節分は2月3日。節分には「豆まき」をする風習がまだ家庭に残っており、「鬼は外、福は内」と声を張り上げながら豆をまき、自分の歳の数だけ豆を食べている。
わが家もまだ子どもが小さいときには、豆まきをやっていた。豆には悪者の代名詞の鬼を退治する力があると信じられ「鬼は外」と追い払った。
よりよい年でありますようにと縁起を担いで年男や年女が豆をまき、健康でありますようにと、栄養たっぷりの豆を年の数だけ食べたものだ。
豆まきは節分のゆかしい習わしである。「まめで幸せに」なりたいものだ。買ってきた豆菓子の袋を見ると「出羽三山 羽黒山伏祈願」(でん六=本社山形県山形市)とある。

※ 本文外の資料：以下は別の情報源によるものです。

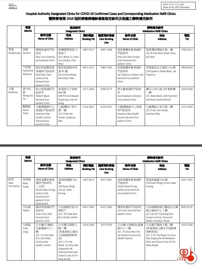 醫院管理局發言人今日(3日)宣布,位於中九龍診所的新冠確診個案指定診所,將於10月6日(星期四)起停止服務,並於10月7日(星期五)起恢復普通科門診診所服務。普通科門診診所亦會於10月7日起恢復部分早前暫停的服務,包括星期日及公眾假期以及夜間門診服務。
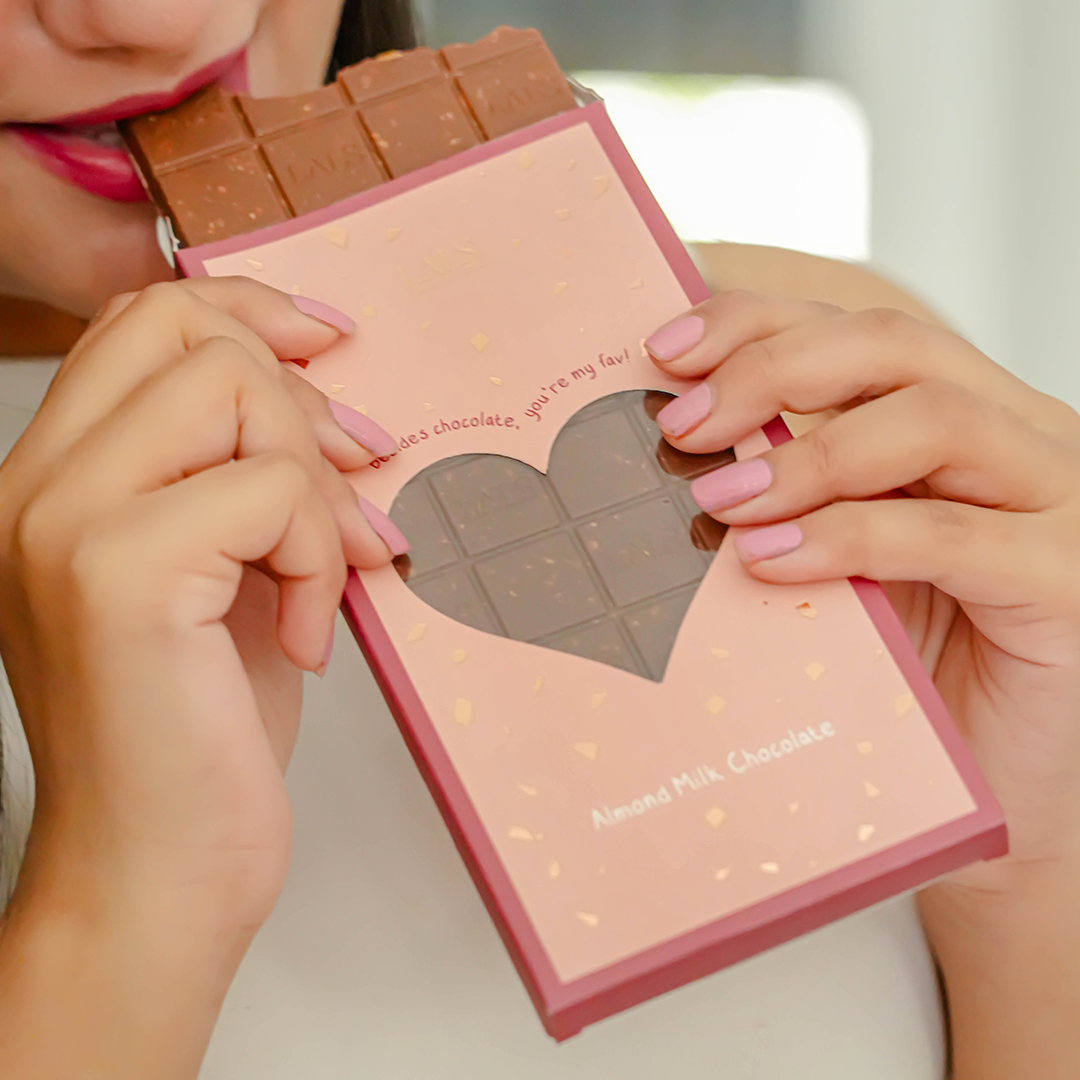 Savor the creamy goodness of our Valentine’s Almond Milk Chocolate, where rich milk chocolate with 36% cocoa meets crunchy almonds in perfect harmony. Each bite is a delightful balance of sweetness and nuttiness, making it the ideal treat to share with your special someone this Valentine’s Day.
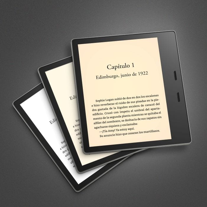 Para una experiencia de lectura premium, Kindle Oasis cuenta con una pantalla de 7 pulgadas también sin reflejo, diseño ergonómico con botones para pasar de página, perfectos para leer con una sola mano; esto además de luz frontal cálida ajustable, que permite cambiar el tono de la pantalla de blanco a ámbar para una menor fatiga visual, y resistencia al agua (IPX8).
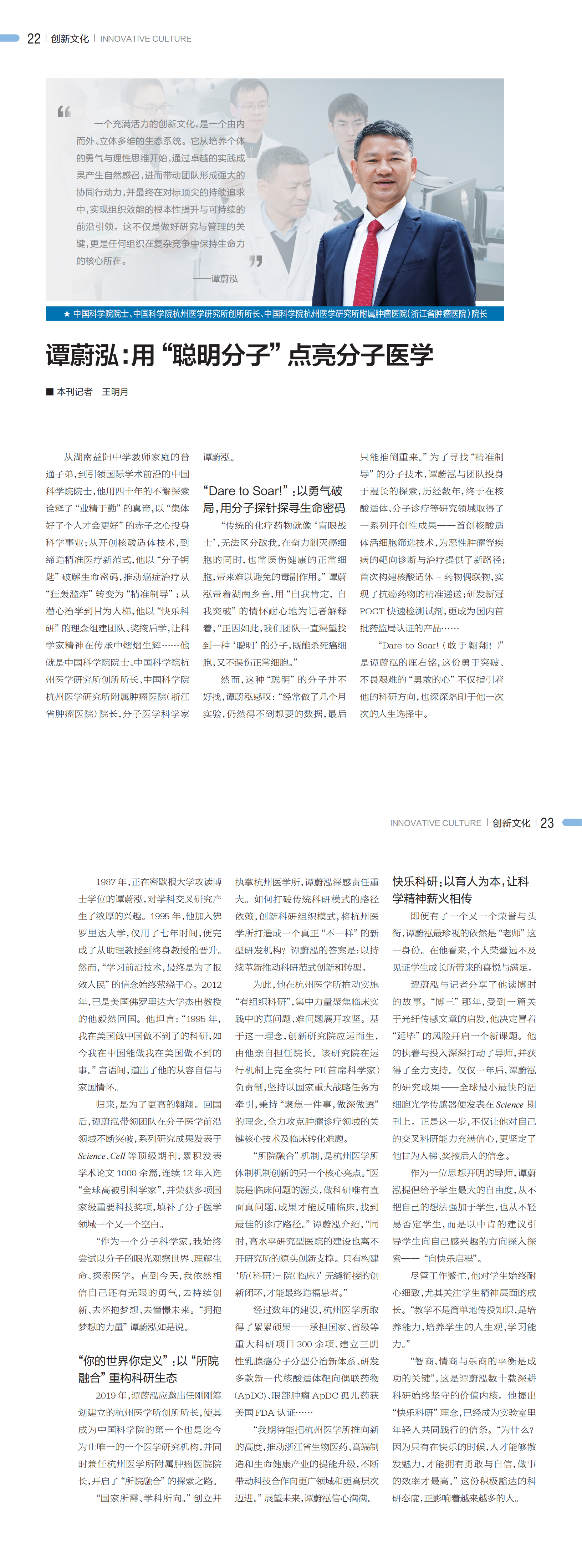 【创新浙江】谭蔚泓:用“聪明分子”点亮分子医学

五穀豊穣などを願って江戸時代に始まったといわれる成田山新勝寺(千葉県)の豆まきには大相撲の大関・豊昇龍や小結・高安のほか、NHKドラマ「光る君へ」で主人公の紫式部を演じる吉高由里子さんや藤原道長役の柄本佑さんなどが参加し、「福は内」だけを唱えながら豆まきをした。
■今や恵方巻が優勢に
まだ子どもが家にいて豆まきをやっていたのは遠い昔のこと。子どものいる家はどうやら最近では「豆まき」よりも「恵方巻き」を食べる人のほうが多くなっているようなのだ。
豆まきも恵方巻きもどちらも2月3日の節分の日に食べるものだが、豆を食べるより太巻きを食べる勢力のほう断然増えているようなのである。今年の方角は東北東。
自分で確認するのを忘れたが、同日最寄り駅のイマチカ(ショッピングセンター)に行った家人の報告によると、専門店街・魚力の売り場では恵方巻きを買い求める客でごった返していたという。
■スイーツ恵方巻も登場
こだわり具材が詰まった本格恵方巻は豪華海鮮太巻(税込1本2798円)、海の幸太巻(同1394円)、七福海鮮巻(同1718円)が飛ぶように売れていたという。
また古市庵ではボリューム満点で食べ応えのある節分うず潮巻(1本1544円)や節分開運太巻穴子(同788円)が販売され、Salaや咲菜、紀伊國屋も恵方巻(1本1998円)で売っていた。
面白いのはいつもと気分を変えた変わり種。とんかつ和幸(惣菜部門)がひれ、海老、味噌ひれの3種類の恵方巻を販売し、崎陽軒では「シウマイ恵方まん」(1本400円)を売り出していた。
さらにはゲン担ぎとして甘い「スイーツ恵方巻き」も売られていたとか。節分ロールやフルーツロールケーキも販売中だった。
それにしても諸物価高騰の折、恵方巻も1年前より1本当たり100~200円は高くなっているはず。それなのに「飛ぶように売れている」とはどういうことか。
生活に困っている人がたくさんいて格安スーパーを走り回っている一方で、高価なものを求める人も少なくない。路上では国産車よりも今やドイツ車を乗り回す人が目立つ。
犬や猫を飼っている人たちの数が増えているのにはびっくりする。どの犬も猫も結構高価である。犬猫の散歩をしている人は富裕層なのだろう。「生類憐れみの令」を思い出すばかりだ。